Task directions: Every line below must be copied as written, except for pictures.

Given records:
******************************

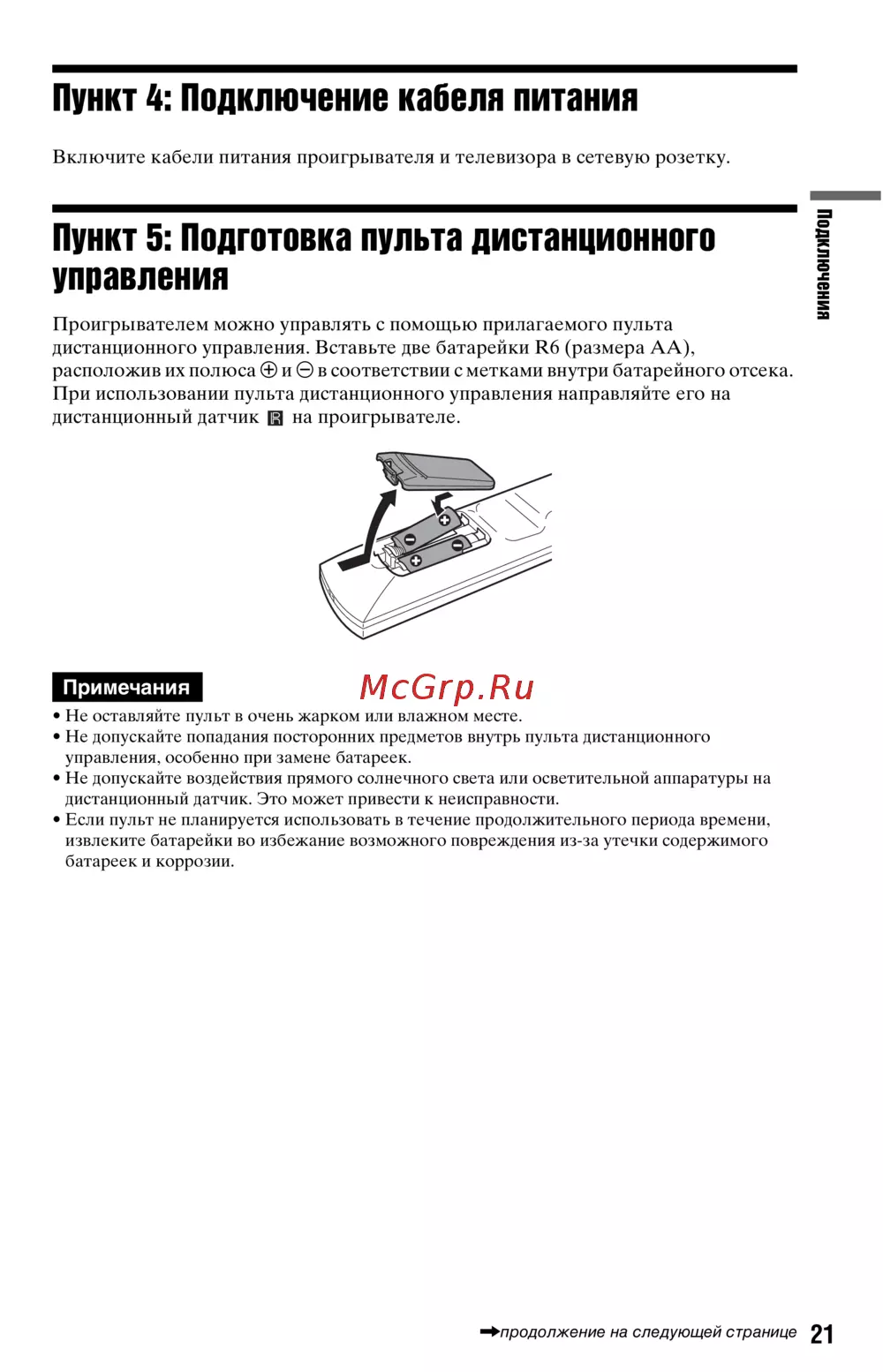 дистанционного управления. Вставьте две батарейки R6 (размера AA),
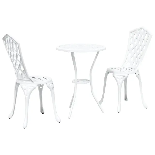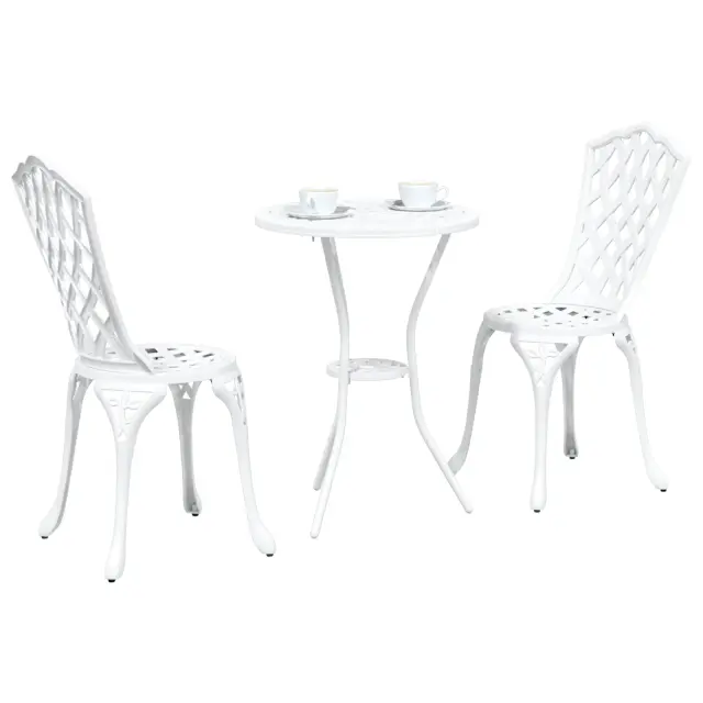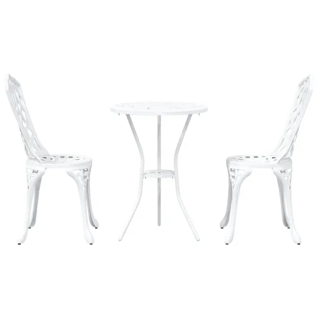 Ta zunanja jedilnica za 2 ustvari prijetno vzdušje, idealno za romantične obroke ali sproščajoč brunch na tvojem balkonu ali v vrtu. Set, ki vključuje okroglo mizo in dva stilna stola, čudovito povezuje tradicionalno eleganco z modernim stilom, kar ga naredi odličnega za popestritev zunanjega prostora.
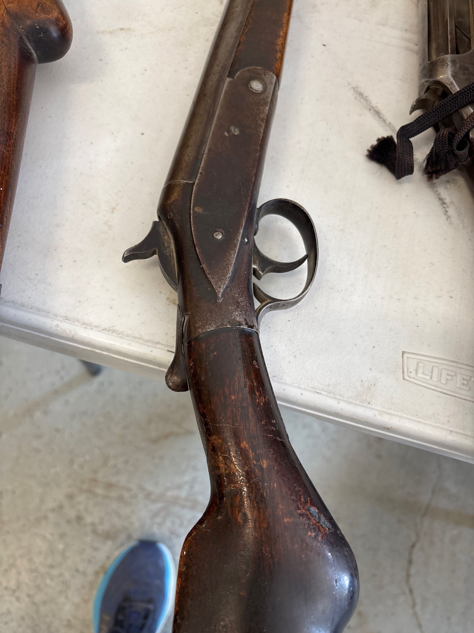 This is a vintage single-shot, break-action shotgun, likely an Iver Johnson Champion model produced in the early to mid-20th century. The firearm features a side-cocking hammer design and a steel frame with a trigger guard that shows significant age-related wear. The metal surfaces exhibit a heavy, dark brown patina and areas of pervasive surface oxidation (light pitting), particularly on the receiver and the hammer. The wooden stock is finished in a dark, reddish-brown stain and displays extensive wear, including numerous scuffs, shallow gouges, and a loss of varnish across the grip area. The wood-to-metal fit at the tang shows signs of shrinkage or compression consistent with age and storage in varying humidity. The barrel is a single tube constructed of forged steel, though any specific choke or gauge markings are obscured in the view. The action lever is located on the top tang, and the overall construction reflects a utilitarian, mass-market firearm intended for field use. The condition is considered 'fair' for its age, showing heavy seasoning and significant Honest wear, but no immediate catastrophic structural failures are visible in the photograph. It serves as a representative example of American sporting arms from the transition period between the Victorian era and the modern industrial age.
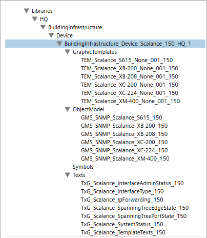 The Scalance extension installs the Desigo CC library BuildingInfrastructure_Device_Scalance_150_HQ_1 that is available at the following path: Libraries > L1-Headquarter > Building Infrastructure > Device.
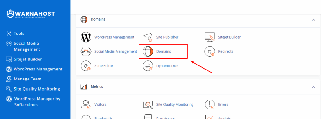 2. Pilih menu Domains di cPanel.

******************************

Your solution:
 дистанционного управления. Вставьте две батарейки R6 (размера AA),
 Ta zunanja jedilnica za 2 ustvari prijetno vzdušje, idealno za romantične obroke ali sproščajoč brunch na tvojem balkonu ali v vrtu. Set, ki vključuje okroglo mizo in dva stilna stola, čudovito povezuje tradicionalno eleganco z modernim stilom, kar ga naredi odličnega za popestritev zunanjega prostora.
 This is a vintage single-shot, break-action shotgun, likely an Iver Johnson Champion model produced in the early to mid-20th century. The firearm features a side-cocking hammer design and a steel frame with a trigger guard that shows significant age-related wear. The metal surfaces exhibit a heavy, dark brown patina and areas of pervasive surface oxidation (light pitting), particularly on the receiver and the hammer. The wooden stock is finished in a dark, reddish-brown stain and displays extensive wear, including numerous scuffs, shallow gouges, and a loss of varnish across the grip area. The wood-to-metal fit at the tang shows signs of shrinkage or compression consistent with age and storage in varying humidity. The barrel is a single tube constructed of forged steel, though any specific choke or gauge markings are obscured in the view. The action lever is located on the top tang, and the overall construction reflects a utilitarian, mass-market firearm intended for field use. The condition is considered 'fair' for its age, showing heavy seasoning and significant Honest wear, but no immediate catastrophic structural failures are visible in the photograph. It serves as a representative example of American sporting arms from the transition period between the Victorian era and the modern industrial age.
 The Scalance extension installs the Desigo CC library BuildingInfrastructure_Device_Scalance_150_HQ_1 that is available at the following path: Libraries > L1-Headquarter > Building Infrastructure > Device.
 2. Pilih menu Domains di cPanel.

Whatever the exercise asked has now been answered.